Arch Linux () is an independently developed, x86-64 general-purpose Linux distribution that strives to provide the latest stable versions of most software by following a rolling-release model. The default installation is a minimal base system, configured by the user to only add what is purposely required.

Pacman, a package manager written specifically for Arch Linux, is used to install, remove and update software packages.

Arch Linux uses a rolling release model, meaning there are no "major releases" of completely new versions of the system; a regular system update is all that is needed to obtain the latest Arch software; the installation images released every month by the Arch team are simply up-to-date snapshots of the main system components.

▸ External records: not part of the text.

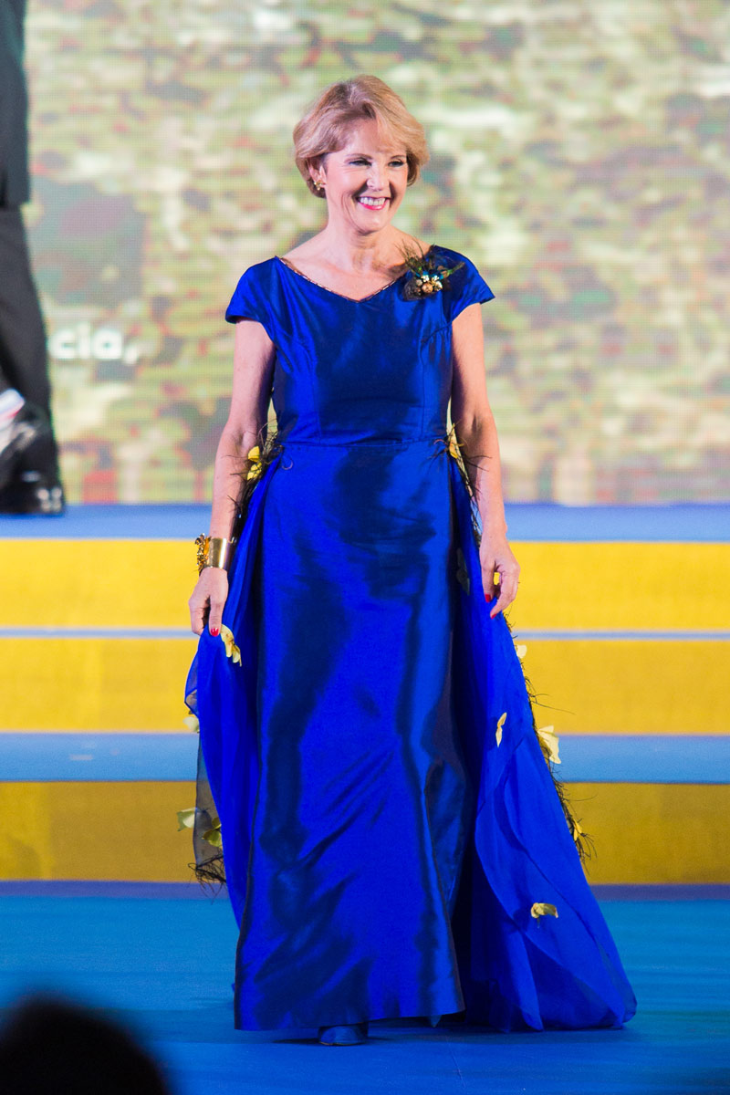 Astrid Amaya con el vestido confeccionado y pintada por Camilia Miranda en el Festival de la Seda de Tailandia. Foto cortesía: Camila Miranda
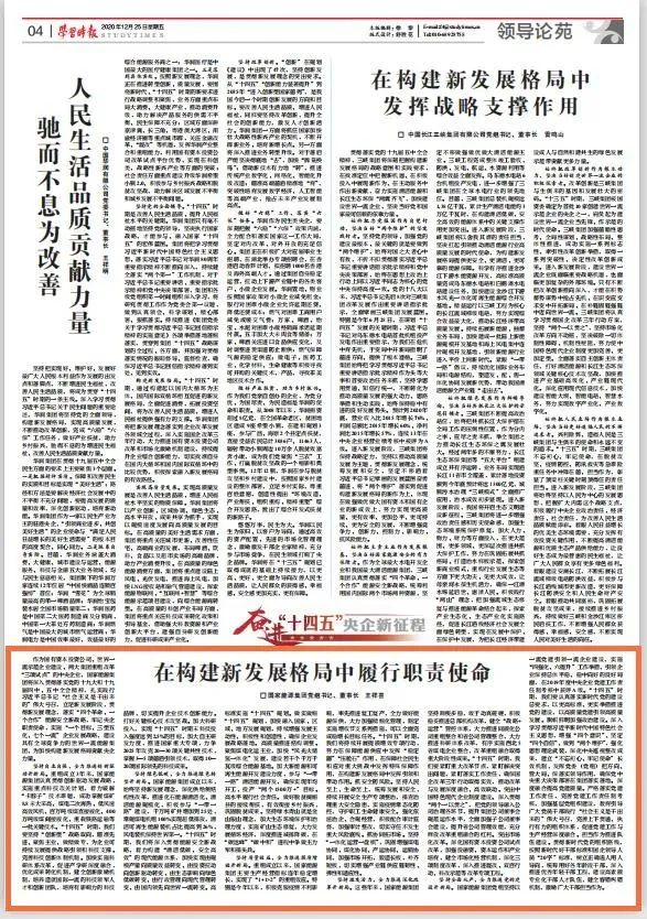 2020年12月25日,《学习时报》刊发国家能源集团党组书记、董事长王祥喜署名文章《在构建新发展格局中履行职责使命》。
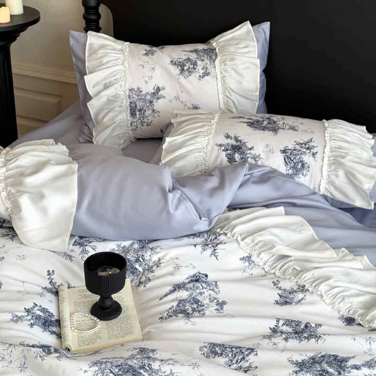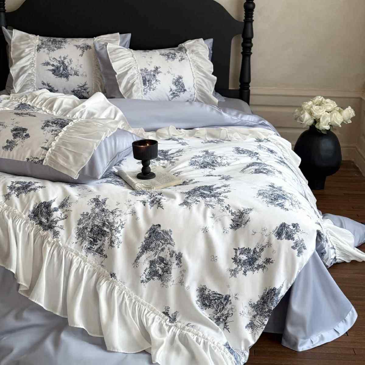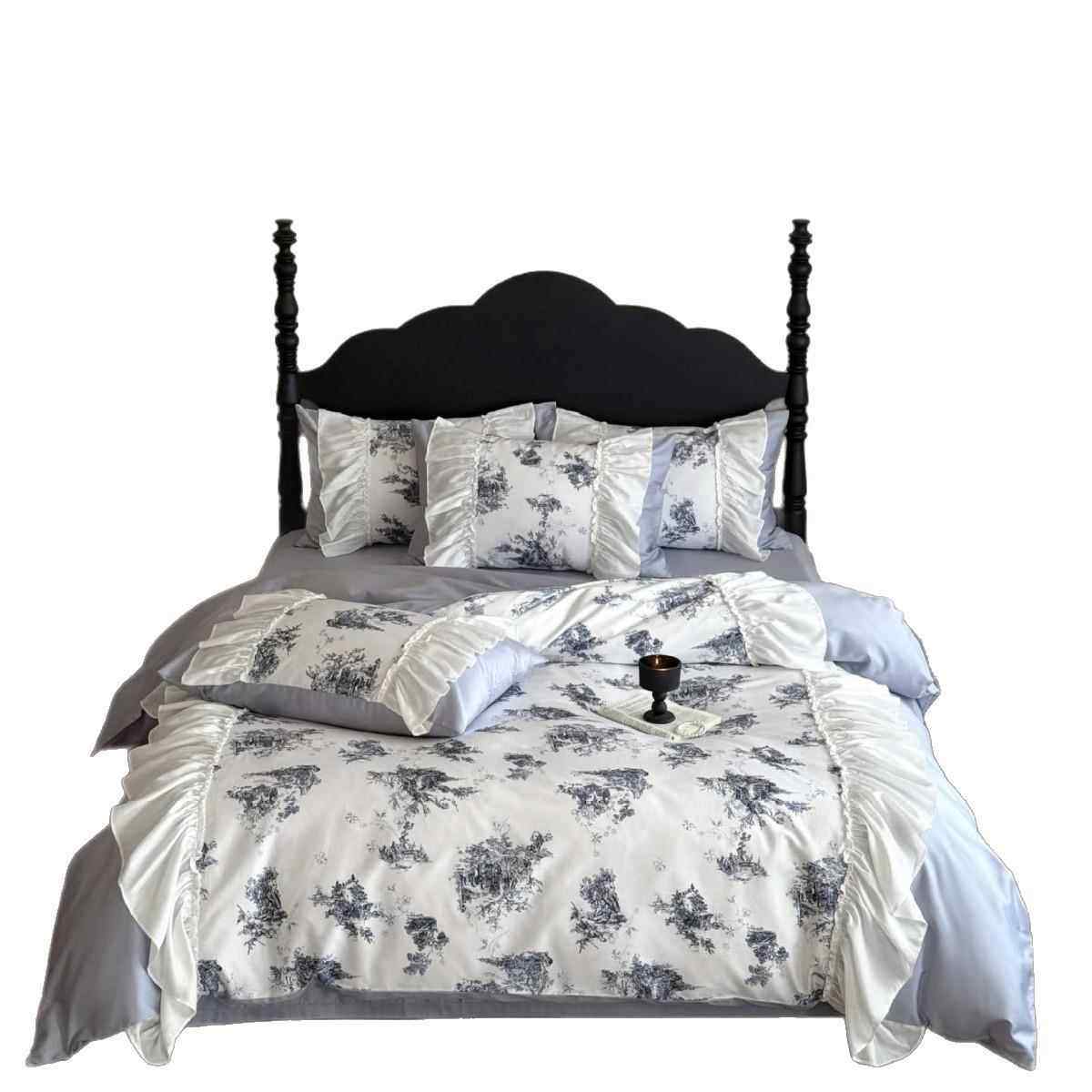 夏季法式冰丝莱赛尔纤维四件套数码印花雪纺凉感裸睡床单被套床品
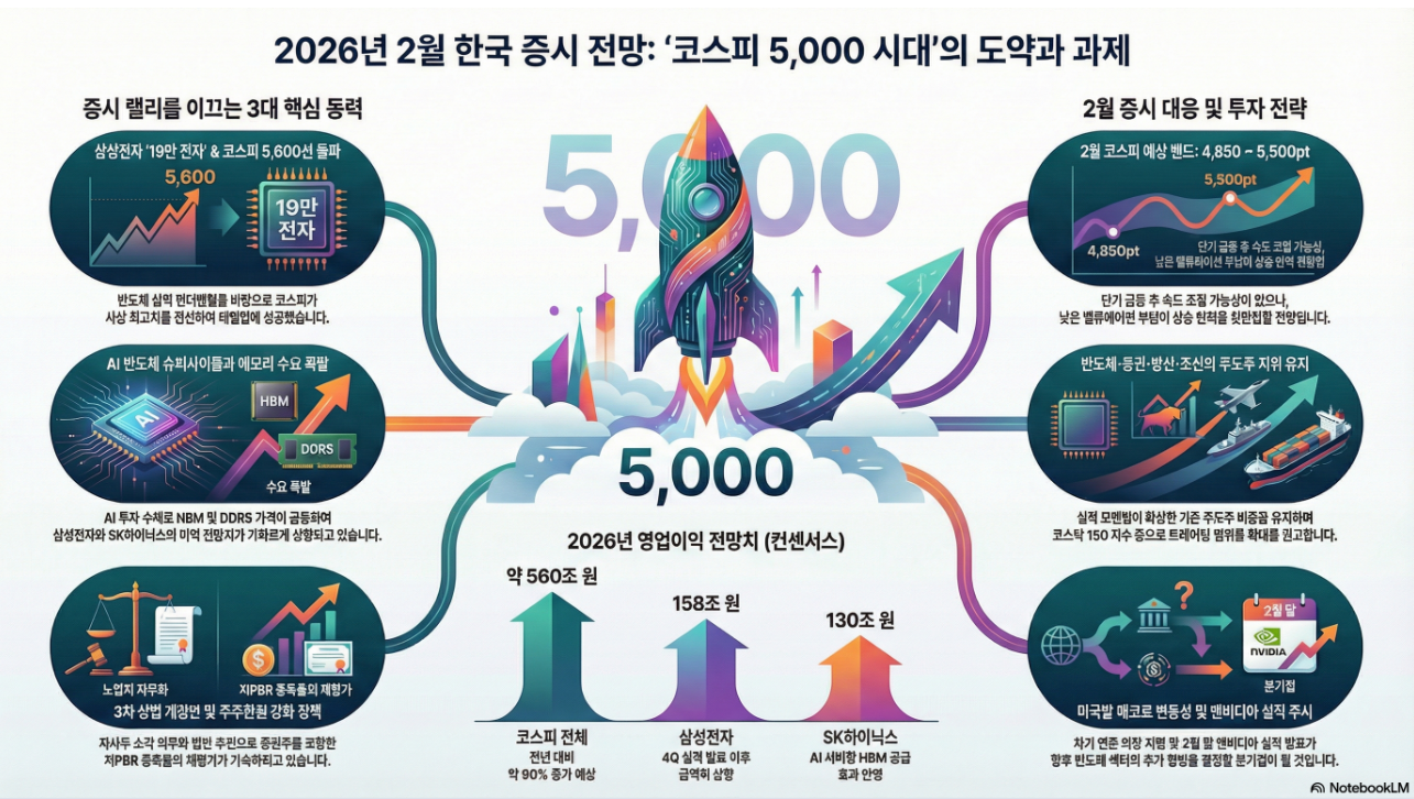 삼성전자의 '19만 전자' 안착과 상법 개정안 훈풍에 힘입어 코스피 5,600 시대가 열렸으나, 미국발 '이란 전면전' 리스크와 PCE 물가 지표 발표를 앞두고 고점에서의 변동성 관리가 필요한 시점입니다.
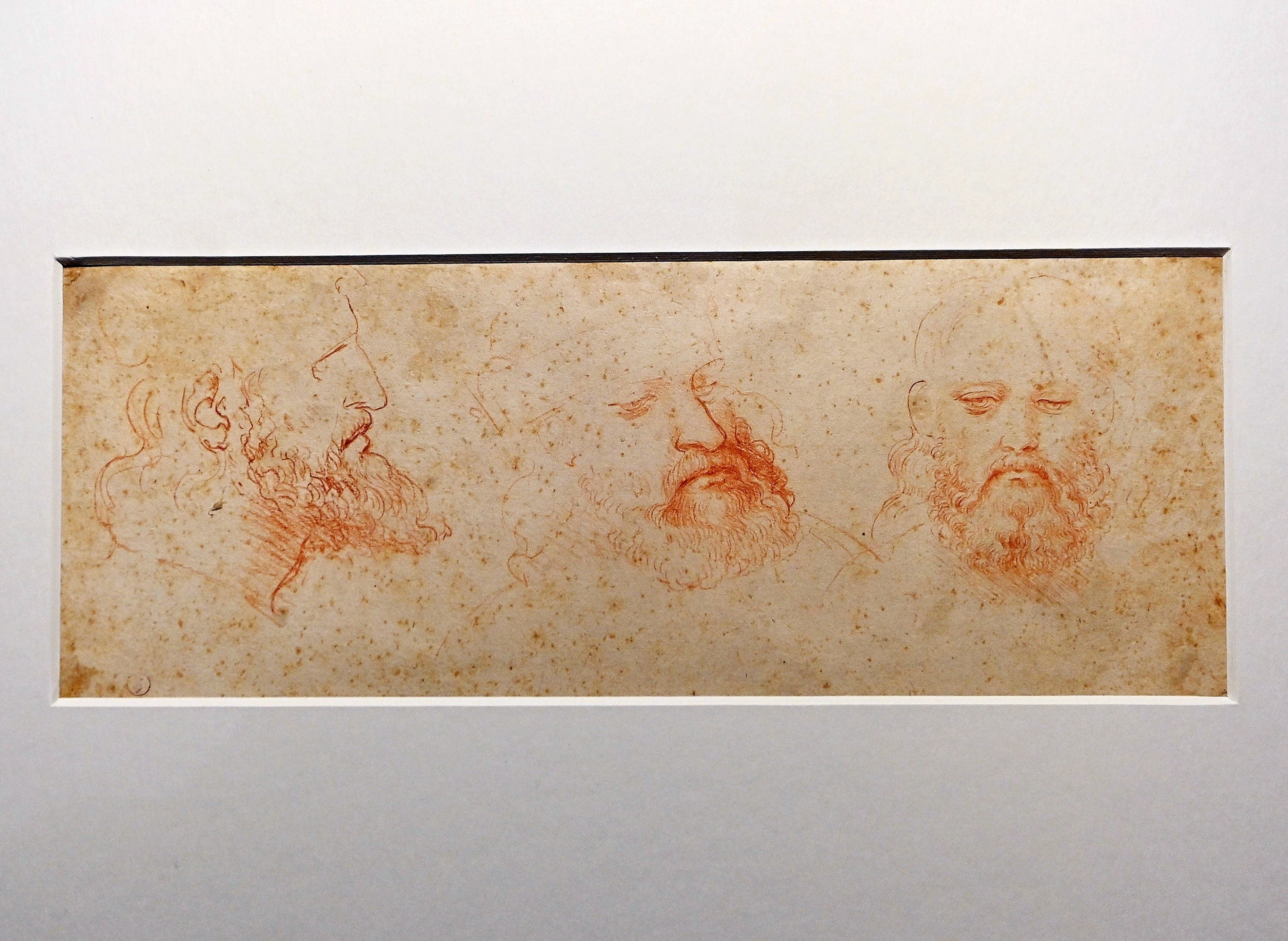 意大利都灵皇家博物馆萨沃伊画廊举办「与达芬奇面对面」特展,一幅意大利文艺复兴时期画家 Leonardo da Vinci 素描作品《带胡须的男人头部三视图》正在展出。这幅粉笔素描创作于约1502年,尺寸为110x283毫米,推测是雕塑设计的草稿,描绘了一名蓄须男性正面、四分之三侧面和正侧面3个不同角度的脸庞特写,展现出达芬奇对人物面部的敏锐观察与分析能力。展期持续至6月28日。摄影师:Alessandro di Marco

Arch Linux has comprehensive documentation, consisting of a community-run wiki known as the ArchWiki.

History 
Inspired by CRUX, another minimalist distribution, Judd Vinet started the Arch Linux project in March 2002. The name was chosen because Vinet liked the word's meaning of "the principal," as in "arch-enemy".

Originally only for 32-bit x86 CPUs, the first x86_64 installation ISO was released in April 2006.

Vinet led Arch Linux until 1 October 2007, when he stepped down due to lack of time, transferring control of the project to Aaron Griffin.

The migration to systemd as its init system started in August 2012, and it became the default on new installations in October 2012. It replaced the SysV-style init system, used since the distribution inception.

The end of i686 support was announced in January 2017, with the February 2017 ISO being the last one including i686 and making the architecture unsupported in November 2017. Since then, the community derivative Arch Linux 32 can be used for i686 hardware.

On 24 February 2020, Aaron Griffin announced that due to his limited involvement with the project, he would, after a voting period, transfer control of the project to Levente Polyak. This change also led to a new 2-year term period being added to the Project Leader position.

In March 2021, Arch Linux developers were thinking of porting Arch Linux packages to x86_64-v3. x86-64-v3 roughly correlates to Intel Haswell era of processors.

In April 2021, Arch Linux installation images began including a guided installation script by default.

In late 2021, the Arch Linux developers released Pacman 6.0, which enabled parallel downloads.

In February 2022, the Arch Linux developers began offering debug packages.

Repository security 
Until Pacman version 4.0.0, Arch Linux's package manager lacked support for signed packages. Packages and metadata were not verified for authenticity by Pacman during the download-install process. Without package authentication checking, tampered-with or malicious repository mirrors could compromise the integrity of a system. Pacman 4 allowed verification of the package database and packages, but it was disabled by default. In November 2011, package signing became mandatory for new package builds, and as of the 21st of March 2012, every official package is signed.

In June 2012, package signing verification became official and is now enabled by default in the installation process.

Design and principles 
Arch is largely based on binary packages. Packages target x86-64 microprocessors to assist performance on modern hardware. A ports/ebuild-like system is also provided for automated source compilation, known as the Arch Build System.

Arch Linux focuses on simplicity of design, meaning that the main focus involves creating an environment that is straightforward and relatively easy for the user to understand directly, rather than providing polished point-and-click style management tools — the package manager, for example, does not have an official graphical front-end. This is largely achieved by encouraging the use of succinctly commented, clean configuration files that are arranged for quick access and editing. This has earned it a reputation as a distribution for "advanced users" who are willing to use the command line.

Installation 

The Arch Linux website supplies ISO images that can be run from CD or USB. After a user partitions and formats their drive, a simple command line script (pacstrap) is used to install the base system. The installation of additional packages which are not part of the base system (for example, desktop environments), can be done with either pacstrap, or Pacman after booting (or chrooting) into the new installation.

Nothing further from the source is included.